There are other digital pots which can deal with higher voltages, but also keep in mind the minimum load current on the LM317, which may be too much for a digital pot if you try to use the resistive divider for that purpose.

Edit:

One way to do something similar to what you are asking for is this:

enter image description here

The LM358 amplifies the voltage from the digital pot by a factor of 5. The output voltage is thus \$\alpha \cdot 25V + 1.25V\$ where \$0 \le\alpha\le 1 \$ is the digital pot setting. The minimum setting will be somewhere around 2V.

R4/U4/Q1/R1 form a simple 10mA (roughly) constant current sink to provide minimum load on the regulator down to about 2V out.

You may want to adjust the values to get exactly what you are looking for. In this case a pot setting of 0.35 yields an op-amp output of 8.75V and therefore an output voltage of 10V. The digital pot is being used as a voltage divider rather than a rheostat, which is what it does best.
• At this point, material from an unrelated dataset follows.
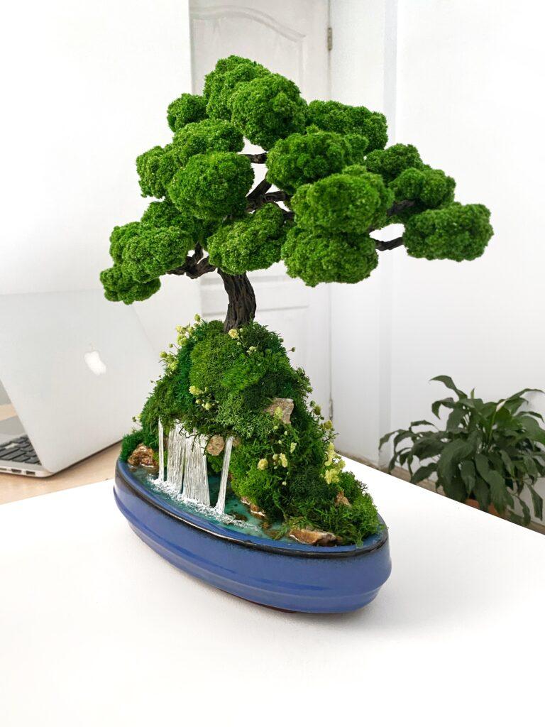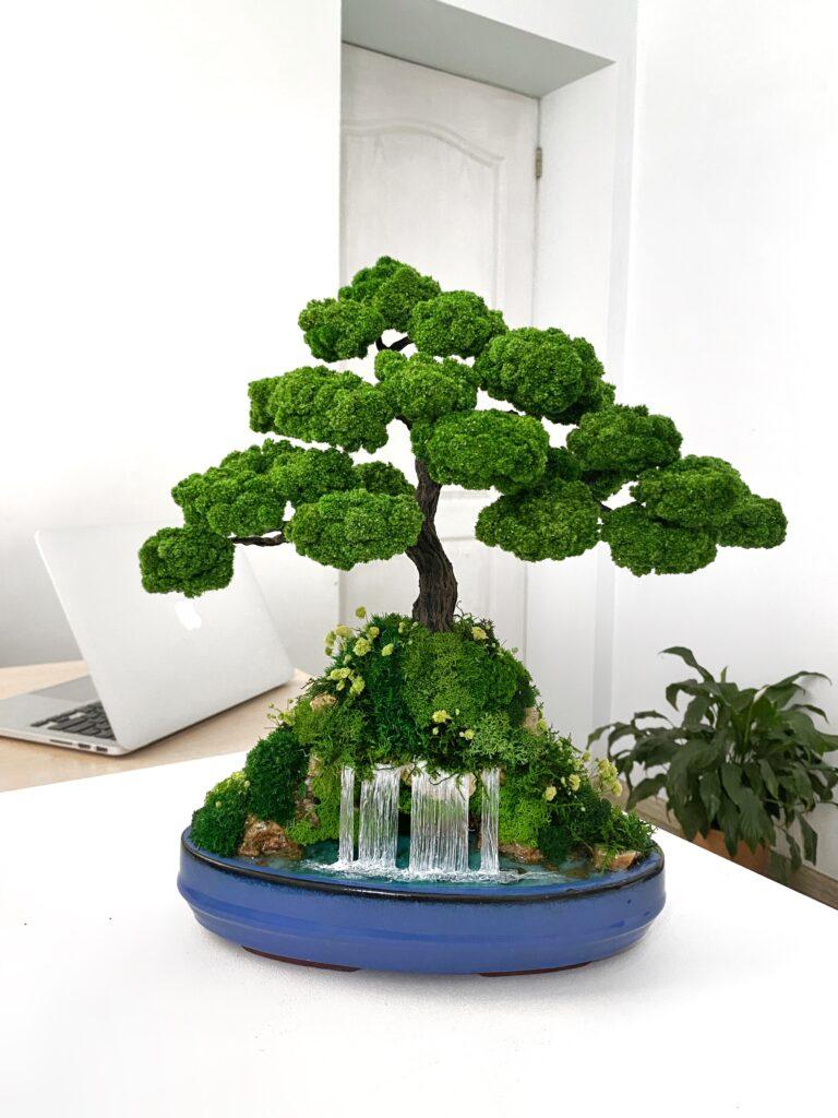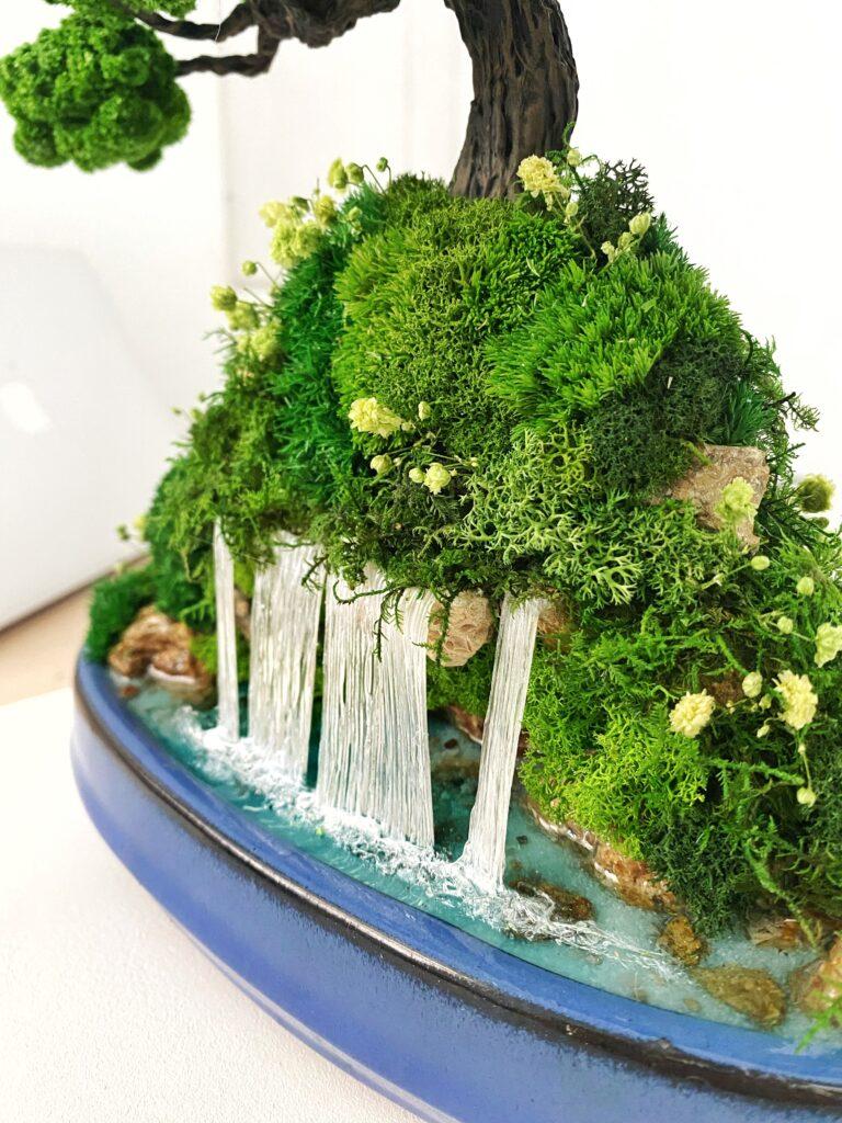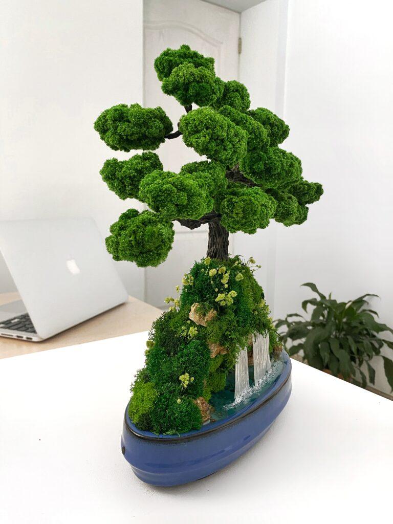 Композиція “Бонсай з водоспадом” — це справжній витвір інтер’єрного мистецтва. Стабілізоване дерево, оточене мохом, квітами й декоративним камінням, вінчає мініатюрний водоспад, що створює ефект живого ландшафту. Виглядає розкішно й оживлює будь-який простір: від дому до офісу, салону чи зони відпочинку. Не потребує догляду, зберігає колір і форму роками. Ефект води підкреслює гармонію та баланс природи просто у вашому інтер’єрі.

Note a slightly subtle difference between the two circuits. In the case of using a digital pot directly with the LM317 the bandgap reference within the LM317 is what determines the output voltage (modulo the resistor ratios etc.), however in the above circuit, most of the output voltage is contributed by the 5V, so it would be important to have that relatively stable and accurate (and perhaps use a separate reference or regulator). You could use a TL431 and a couple of resistors, for example.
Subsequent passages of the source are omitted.